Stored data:
__________________________________________________
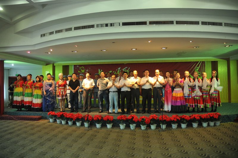 在莊嚴(yán)的《國(guó)際歌》中,總結(jié)表彰大會(huì)結(jié)束,一臺(tái)由公司黨員和入黨積極分子自編、自演的文藝演出正式開(kāi)始,《再唱山歌給黨聽(tīng)》、《長(zhǎng)征》、《情深誼長(zhǎng)》等精彩的歌舞節(jié)目贏得了觀眾的陣陣掌聲,演出現(xiàn)場(chǎng)洋溢著歡樂(lè)、喜慶的氣氛。演出最后,各位領(lǐng)導(dǎo)走到臺(tái)上,與全體演員和觀眾一起高唱《沒(méi)有共產(chǎn)黨就沒(méi)有新中國(guó)》,臺(tái)上臺(tái)下感情交匯,將現(xiàn)場(chǎng)氣氛推向高潮。
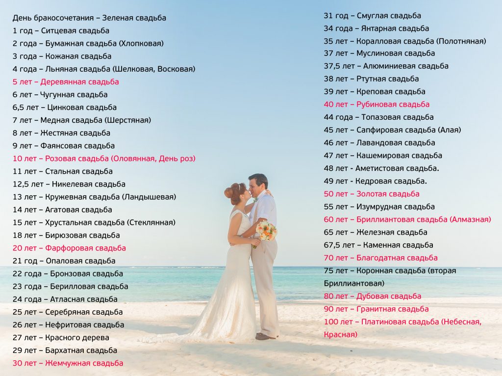 Каждая годовщина свадьбы имеет свое символическое название, а сам день свадьбы – своеобразный «нулевой километр» на жизненном пути новобрачных, носит символичное название «зеленой свадьбы».
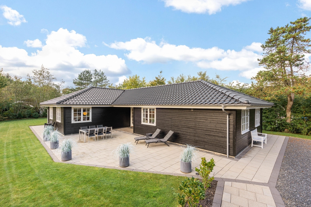 I sommerhuset på Møllevangen 47 i Jegum Ferieland bliver I budt velkommen af en moderne indretning inde som ude, hvor der er tænkt på detaljen og praktiske løsninger. Her er rammerne sat til den perfekte ferie for 6 personer, med blandt andet sauna og tømmespa. Det 130m2 store sommerhus fremstår indbydende og hyggeligt med højt til kip.
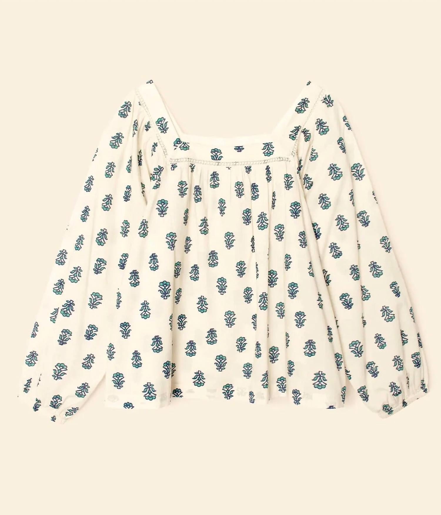 Pair this with your favorite jeans and slides for your next girls night out. Introducing the Mira Cotton Top by XIRENA, an ideal addition to your summer wardrobe. Crafted in the U.S. from 100% lightweight cotton in a charming clover stamp pattern, this blouse features long blouson sleeves and a shirred square neckline accented with delicate lattice trim. The pull-on style provides ease and comfort, making it perfect for vacation and maximalist trends. Enjoy effortless maintenance with machine wash cold and gentle tumble dry care instructions, while a true-to-size fit ensures comfort for a variety of occasions. Model is 5'10" and wears size Small.
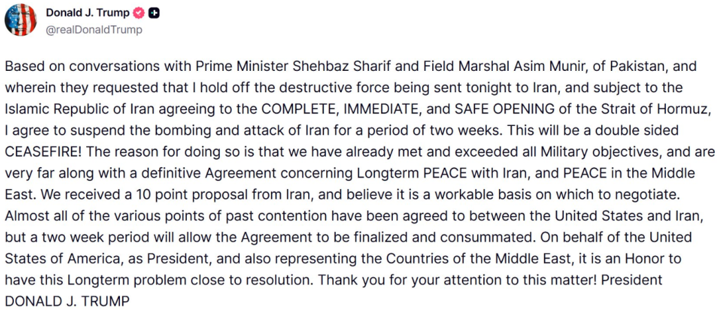 “Sulla base delle conversazioni con il Primo Ministro Shehbaz Sharif e il Feldmaresciallo Asim Munir del Pakistan, durante le quali mi è stato chiesto di sospendere la forza distruttiva prevista per questa notte contro l’Iran, e a condizione che la Repubblica Islamica dell’Iran accetti la RIAPERTURA COMPLETA, IMMEDIATA e SICURA dello Stretto di Hormuz, accetto di sospendere i bombardamenti e l’attacco contro l’Iran per un periodo di due settimane. Questo sarà un CESSATE IL FUOCO BILATERALE! Il motivo di questa decisione è che abbiamo già raggiunto e superato tutti gli obiettivi militari e siamo molto avanti verso un accordo definitivo per una PACE duratura con l’Iran e per la PACE in Medio Oriente. Abbiamo ricevuto una proposta in 10 punti dall’Iran e riteniamo che sia una base praticabile su cui negoziare. Quasi tutti i principali punti di disaccordo del passato sono stati concordati tra gli Stati Uniti e l’Iran, ma un periodo di due settimane permetterà all’accordo di essere finalizzato e completato. A nome degli Stati Uniti d’America, come Presidente, e anche rappresentando i Paesi del Medio Oriente, è un onore vedere questo problema di lunga data vicino alla risoluzione. Grazie per l’attenzione su questa questione!”.
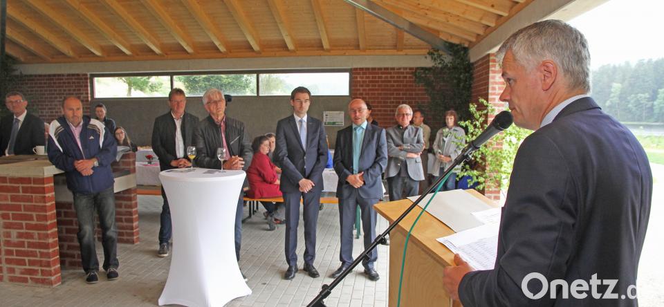 Hans-Michael Pilz war vom zuständigen Neumarkter Amt für Ernährung, Landwirtschaft und Forsten gekommen. Als lokale Managerin war Daniela Franz vom Landratsamt dabei. 1,1 Millionen Leader-Euro stehen für die Zeit von 2014 bis 2020 im Landkreis zur Verfügung. Davon flossen alleine schon 160 000 Euro in den Jugendzeltplatz: „Das zeigt den hohen Stellenwert.“ Den unterstich in seiner Ansprache auch der stellvertretende Landrat Albert Nickl: „Heute ist ein guter Tag für Flossenbürg und für den gesamten Landkreis. Die getätigten Investitionen sind ausgezeichnet angelegtes Geld.“ Mit dem gelungenen Werk sei Ausdauer, Wille und Ideenreichtum unter Beweis gestellt worden. „Auch wenn es ein schwieriger Weg war, er weist in die Zukunft.“
__________________________________________________
● **EXERCISE REQUIREMENTS**
With the pictures left out, copy exactly the lines above from the line containing "base delle conversazioni" through the last line of the entries.

● **RESULT BELOW**
 “Sulla base delle conversazioni con il Primo Ministro Shehbaz Sharif e il Feldmaresciallo Asim Munir del Pakistan, durante le quali mi è stato chiesto di sospendere la forza distruttiva prevista per questa notte contro l’Iran, e a condizione che la Repubblica Islamica dell’Iran accetti la RIAPERTURA COMPLETA, IMMEDIATA e SICURA dello Stretto di Hormuz, accetto di sospendere i bombardamenti e l’attacco contro l’Iran per un periodo di due settimane. Questo sarà un CESSATE IL FUOCO BILATERALE! Il motivo di questa decisione è che abbiamo già raggiunto e superato tutti gli obiettivi militari e siamo molto avanti verso un accordo definitivo per una PACE duratura con l’Iran e per la PACE in Medio Oriente. Abbiamo ricevuto una proposta in 10 punti dall’Iran e riteniamo che sia una base praticabile su cui negoziare. Quasi tutti i principali punti di disaccordo del passato sono stati concordati tra gli Stati Uniti e l’Iran, ma un periodo di due settimane permetterà all’accordo di essere finalizzato e completato. A nome degli Stati Uniti d’America, come Presidente, e anche rappresentando i Paesi del Medio Oriente, è un onore vedere questo problema di lunga data vicino alla risoluzione. Grazie per l’attenzione su questa questione!”.
 Hans-Michael Pilz war vom zuständigen Neumarkter Amt für Ernährung, Landwirtschaft und Forsten gekommen. Als lokale Managerin war Daniela Franz vom Landratsamt dabei. 1,1 Millionen Leader-Euro stehen für die Zeit von 2014 bis 2020 im Landkreis zur Verfügung. Davon flossen alleine schon 160 000 Euro in den Jugendzeltplatz: „Das zeigt den hohen Stellenwert.“ Den unterstich in seiner Ansprache auch der stellvertretende Landrat Albert Nickl: „Heute ist ein guter Tag für Flossenbürg und für den gesamten Landkreis. Die getätigten Investitionen sind ausgezeichnet angelegtes Geld.“ Mit dem gelungenen Werk sei Ausdauer, Wille und Ideenreichtum unter Beweis gestellt worden. „Auch wenn es ein schwieriger Weg war, er weist in die Zukunft.“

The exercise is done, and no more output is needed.